In February, 35% of new SBA loans of the most popular type were sold on the secondary market, up from 24% the previous month. Before the crisis in September 2008, 45% of these loans were sold on the secondary market.

At GovGex.com, where these loans are bundled and sold, bids for these loans have more than doubled since mid-March, when the Obama administration made a pledge to use $15B of taxpayer money to free up the secondary market in these loans. The government is guaranteeing as much as 90% of some loans. Before that pledge, the market for these loans had all but dried up, with volume totalling on $7.8M. Since then, volume has rocketed to over $67M.

Loan applications have more than tripled at Small Business Loan Exchange, an online marketplace which matches up borrowers with lenders.

Government Loan Solutions follows the SBA market closely and reports that the delinquency on the most popular SBA loan was 6.18%, the second highest rate in 10 years.

Peer To Peer Lending

In a 4/28/09 WSJ article, Jane Kim reviews the market for peer to peer (P2P) lending. Several companies provide a platform to bring together those who need money and those who have some extra.

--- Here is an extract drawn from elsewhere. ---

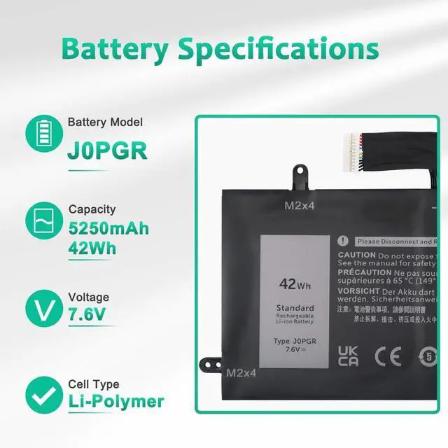 LONG-LASTING BATTERY LIFE:With 7.6V, capacity (42Wh/5250mAh), the( J0PGR ) battery ensures all-day power for your laptops in a factory-fresh, never-used battery pack designed for maximum performance.

A borrower fills out an application, stating their financial information, the amount of money they need to borrow and why they want the money. The P2P company verifies the identity of the borrower and pulls a credit report but doesn’t verify employment. Most of the companies have some minimum FICO score, a commonly used credit grade, that all borrowers must meet. The company then posts the loan request and investors bid on it.

LendingClub.com, PertuityDirect.com and Prosper.com are three companies using this model. At an average interest rate of 13 – 17%, borrowers can often get a better rate than using a traditional credit card.

At LendingClub.com, the delinquency rate was 4 – 5%, about the same as for credit cards. For investors, this is a way to earn more interest on their money. As always, with higher return comes higher risk. The P2P company makes its money by taking a fee on the loans.